**BRIEF:** In the entries below, every line that contains "with" must be located and copied.

**MATERIAL FOR THIS TASK:**
=-=-=

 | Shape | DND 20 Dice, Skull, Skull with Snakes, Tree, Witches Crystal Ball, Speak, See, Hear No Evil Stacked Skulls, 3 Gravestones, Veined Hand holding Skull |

=-=-=

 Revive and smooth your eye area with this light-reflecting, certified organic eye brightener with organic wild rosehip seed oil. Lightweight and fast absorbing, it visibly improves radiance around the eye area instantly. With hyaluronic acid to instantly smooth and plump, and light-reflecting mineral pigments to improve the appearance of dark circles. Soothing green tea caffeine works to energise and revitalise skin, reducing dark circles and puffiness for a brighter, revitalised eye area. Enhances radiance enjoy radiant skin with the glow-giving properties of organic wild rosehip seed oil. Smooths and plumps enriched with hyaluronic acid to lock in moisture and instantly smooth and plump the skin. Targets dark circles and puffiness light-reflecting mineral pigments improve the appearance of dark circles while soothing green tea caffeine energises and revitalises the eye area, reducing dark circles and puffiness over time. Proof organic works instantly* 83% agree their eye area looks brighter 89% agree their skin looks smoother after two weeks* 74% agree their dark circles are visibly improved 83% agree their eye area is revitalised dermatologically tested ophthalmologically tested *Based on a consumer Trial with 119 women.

=-=-=

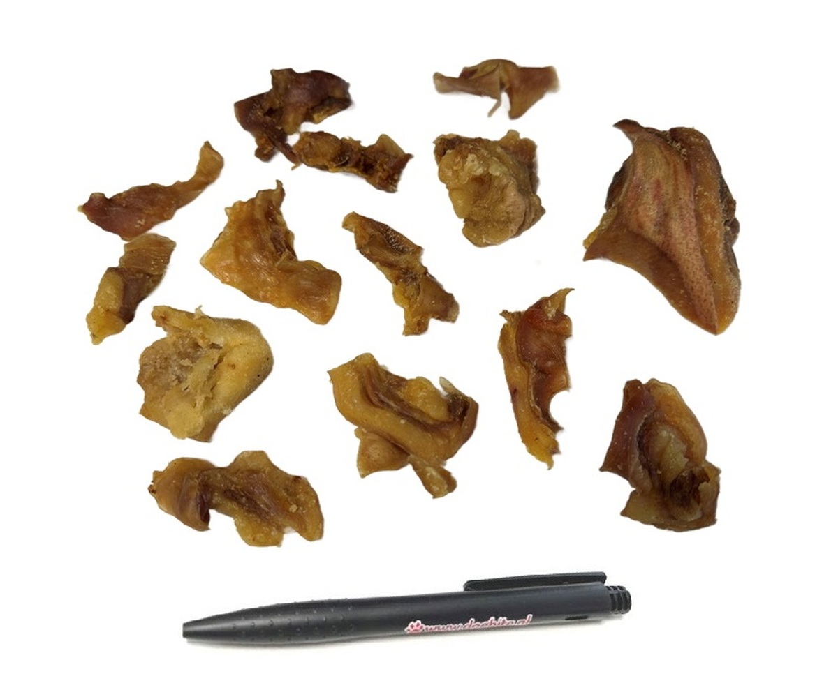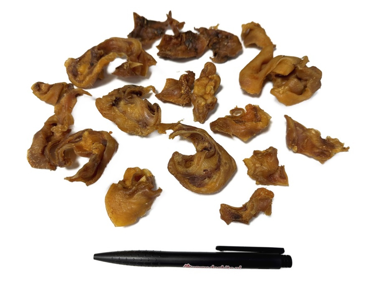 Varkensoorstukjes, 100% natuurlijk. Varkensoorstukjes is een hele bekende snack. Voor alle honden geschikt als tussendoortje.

=-=-=

**TASK SOLUTION:**
 | Shape | DND 20 Dice, Skull, Skull with Snakes, Tree, Witches Crystal Ball, Speak, See, Hear No Evil Stacked Skulls, 3 Gravestones, Veined Hand holding Skull |
 Revive and smooth your eye area with this light-reflecting, certified organic eye brightener with organic wild rosehip seed oil. Lightweight and fast absorbing, it visibly improves radiance around the eye area instantly. With hyaluronic acid to instantly smooth and plump, and light-reflecting mineral pigments to improve the appearance of dark circles. Soothing green tea caffeine works to energise and revitalise skin, reducing dark circles and puffiness for a brighter, revitalised eye area. Enhances radiance enjoy radiant skin with the glow-giving properties of organic wild rosehip seed oil. Smooths and plumps enriched with hyaluronic acid to lock in moisture and instantly smooth and plump the skin. Targets dark circles and puffiness light-reflecting mineral pigments improve the appearance of dark circles while soothing green tea caffeine energises and revitalises the eye area, reducing dark circles and puffiness over time. Proof organic works instantly* 83% agree their eye area looks brighter 89% agree their skin looks smoother after two weeks* 74% agree their dark circles are visibly improved 83% agree their eye area is revitalised dermatologically tested ophthalmologically tested *Based on a consumer Trial with 119 women.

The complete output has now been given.